WHAT TO WORK ON:
Word for word, copy the data that follows and skip its pictures.

GIVEN ENTRIES:

· · ·

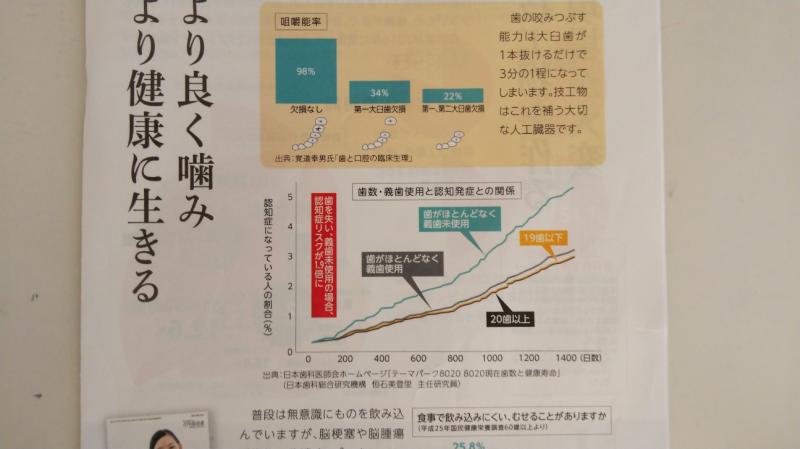 全部の歯がある人に比べて、奥歯が1本抜けるだけで3分の1程の力でしか噛む事が出来なくなります。 そして食べ物や飲み物が飲み込みにくくなり、むせたりする事が増えます。 また、歯の本数が少ないと認知症のリスクが高くなります。 歯を失った場合には義歯を入れたりして噛み合わせを回復する事で口腔機能を改善する事が出来ます。 良く噛んで健康に生きましょう♪ | 活動報告 | 広島県東広島市西条 一般歯科、歯周病治療、小児歯科、ホワイト二ング、審美歯科、予防歯科|ゆりの木歯科
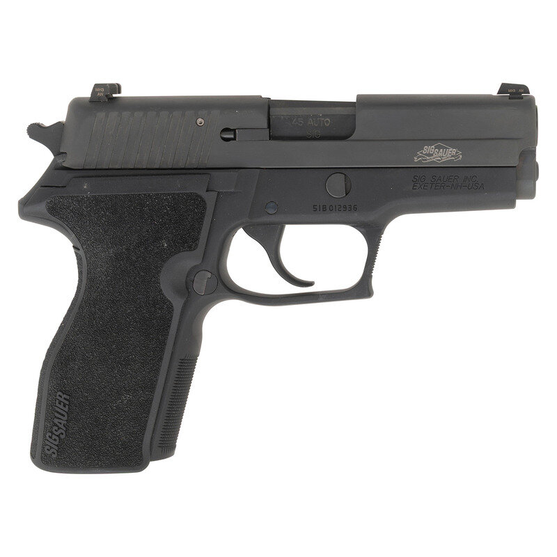 .45 ACP. 3.9" barrel length. SN: 51B012936. Nitron finish to slide with Matte anodized to alloy frame and one-piece black synthetic grips. Short-recoil operated DA/SA autoloading pistol fed by detachable double-stack magazines. Mounts triple dot Tritium night sights. Standard markings include SIG SAUER P227 SAS to left slide with SIG SAUER/CUSTOM SHOP marking engraved on the right. Lacks magazine. {MODERN}
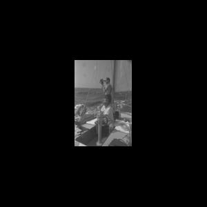35 mm black-and-white negative; photographed by Carleton Mitchell; deck view of yawl yacht FINISTERRE; ca. 1957; possibly during a race; handwritten on original envelope "R 27671 C36" (corresponds to original Mitchell contact sheet); printed on negative frame number "11".
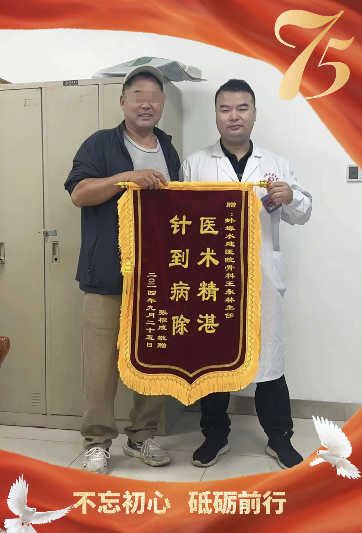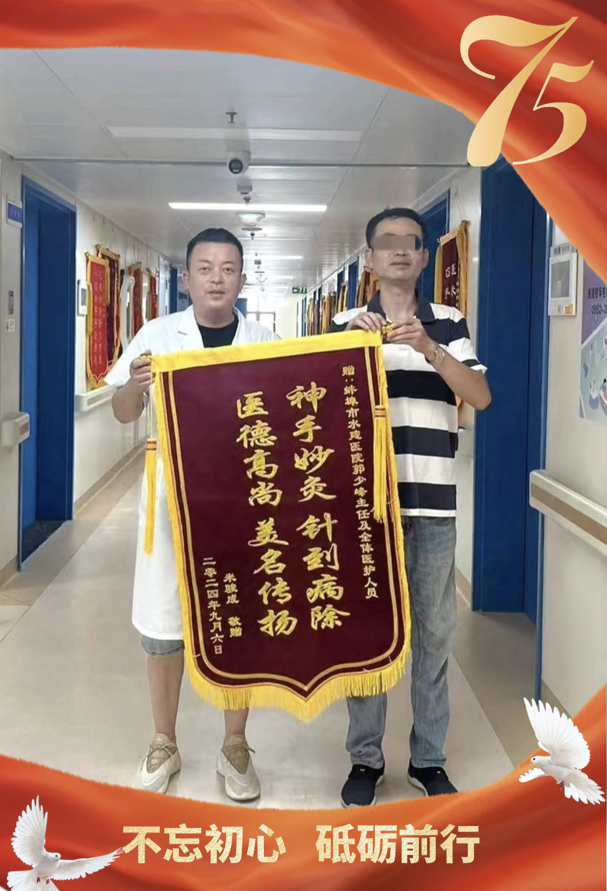 張先生因腰痛嚴(yán)重,無(wú)法直立,日常生活嚴(yán)重受到影響,根據(jù)張先生病情,針推康復(fù)科王主任通過(guò)針灸、正骨推拿、中藥熏蒸、小針刀等綜合康復(fù)治療后,張先生的癥狀明顯改善,隨后,連續(xù)多次康復(fù)治療后,張先生的腰椎可以直立起來(lái),不適癥狀基本消失。張先生對(duì)針推康復(fù)科王永林副主任醫(yī)師的精湛技術(shù)深表佩服,特地贈(zèng)送錦旗表達(dá)感激之情。
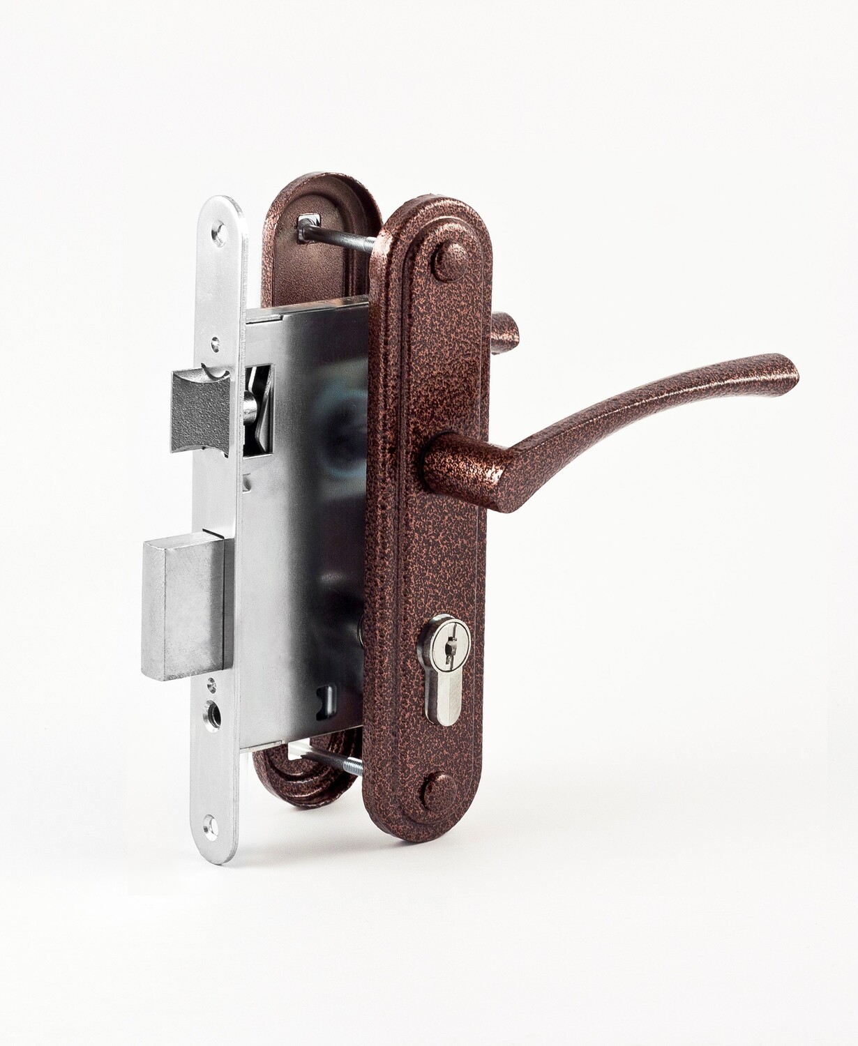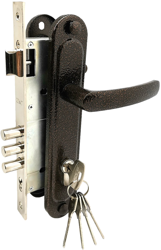 Замок врезной изготовлен из современных технологичных материалов, прочный и надежный. Рабочий ресурс не менее 400 000 циклов открывания/закрывания. Ручка на планке, а также лицевая и ответная планки замка имеют гальваническое многослойное покрытие в 5 слоев. Корпус замка имеет антикороззийное покрытие.
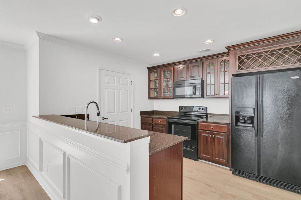 The kitchen sits just off the dining area and includes Silestone countertops, a high-top bar, tall upper cabinets with glass fronts, a built-in wine rack, and recessed lighting. All-electric appliances convey—including the stove/range, dishwasher, microwave, trash compactor, garbage disposal, and refrigerator. The kitchen also features a generous pantry/laundry closet that includes a full-size stacked washer and dryer.

· · ·

ANSWER TO THIS PROBLEM:
 全部の歯がある人に比べて、奥歯が1本抜けるだけで3分の1程の力でしか噛む事が出来なくなります。 そして食べ物や飲み物が飲み込みにくくなり、むせたりする事が増えます。 また、歯の本数が少ないと認知症のリスクが高くなります。 歯を失った場合には義歯を入れたりして噛み合わせを回復する事で口腔機能を改善する事が出来ます。 良く噛んで健康に生きましょう♪ | 活動報告 | 広島県東広島市西条 一般歯科、歯周病治療、小児歯科、ホワイト二ング、審美歯科、予防歯科|ゆりの木歯科
 .45 ACP. 3.9" barrel length. SN: 51B012936. Nitron finish to slide with Matte anodized to alloy frame and one-piece black synthetic grips. Short-recoil operated DA/SA autoloading pistol fed by detachable double-stack magazines. Mounts triple dot Tritium night sights. Standard markings include SIG SAUER P227 SAS to left slide with SIG SAUER/CUSTOM SHOP marking engraved on the right. Lacks magazine. {MODERN}
35 mm black-and-white negative; photographed by Carleton Mitchell; deck view of yawl yacht FINISTERRE; ca. 1957; possibly during a race; handwritten on original envelope "R 27671 C36" (corresponds to original Mitchell contact sheet); printed on negative frame number "11".
 張先生因腰痛嚴(yán)重,無(wú)法直立,日常生活嚴(yán)重受到影響,根據(jù)張先生病情,針推康復(fù)科王主任通過(guò)針灸、正骨推拿、中藥熏蒸、小針刀等綜合康復(fù)治療后,張先生的癥狀明顯改善,隨后,連續(xù)多次康復(fù)治療后,張先生的腰椎可以直立起來(lái),不適癥狀基本消失。張先生對(duì)針推康復(fù)科王永林副主任醫(yī)師的精湛技術(shù)深表佩服,特地贈(zèng)送錦旗表達(dá)感激之情。
 Замок врезной изготовлен из современных технологичных материалов, прочный и надежный. Рабочий ресурс не менее 400 000 циклов открывания/закрывания. Ручка на планке, а также лицевая и ответная планки замка имеют гальваническое многослойное покрытие в 5 слоев. Корпус замка имеет антикороззийное покрытие.
 The kitchen sits just off the dining area and includes Silestone countertops, a high-top bar, tall upper cabinets with glass fronts, a built-in wine rack, and recessed lighting. All-electric appliances convey—including the stove/range, dishwasher, microwave, trash compactor, garbage disposal, and refrigerator. The kitchen also features a generous pantry/laundry closet that includes a full-size stacked washer and dryer.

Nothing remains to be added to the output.